▸ **PROVIDED DATA**:
•••

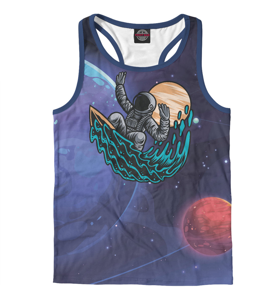 Мужская майка-борцовка с принтом «Космонавт летит на волне»
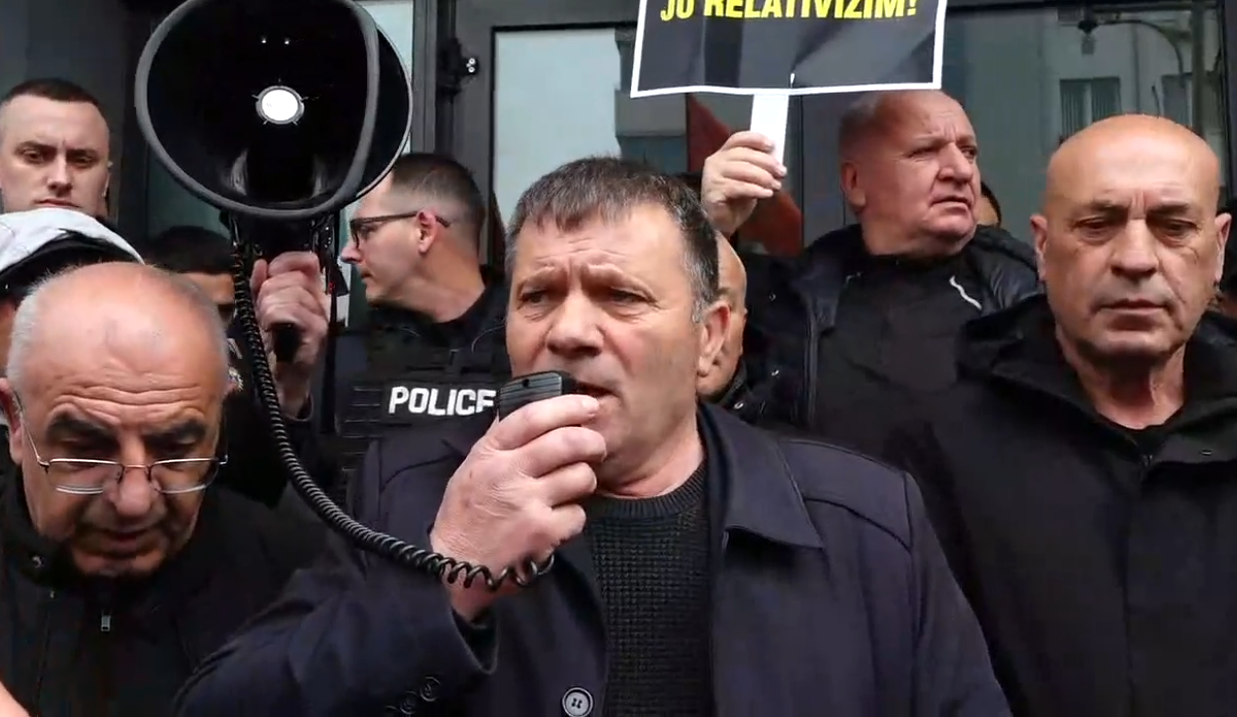 Protesta e veteranëve po mbahet për të kundërshtuar ekspozitën që u vendos në sheshet e Prishtinës e që pasqyroi me pasaktësi masakrat e kryera nga Serbia në Kosovë./
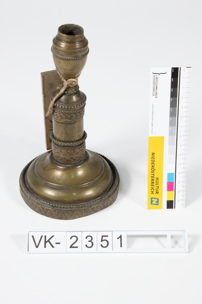 Kerzenständer für eine Kerze mit einem Standfuß mit geprägten Verzierungen. Der Kerzenständer ist aus Messingblech gefertigt.

•••

▸ **YOUR TASK**: Pictures stay out; reproduce exactly the lines from the one containing "Protesta e veteranëve" through the last line of the listing, both included.

▸ **OUTPUT OF THE EXERCISE**:
 Protesta e veteranëve po mbahet për të kundërshtuar ekspozitën që u vendos në sheshet e Prishtinës e që pasqyroi me pasaktësi masakrat e kryera nga Serbia në Kosovë./
 Kerzenständer für eine Kerze mit einem Standfuß mit geprägten Verzierungen. Der Kerzenständer ist aus Messingblech gefertigt.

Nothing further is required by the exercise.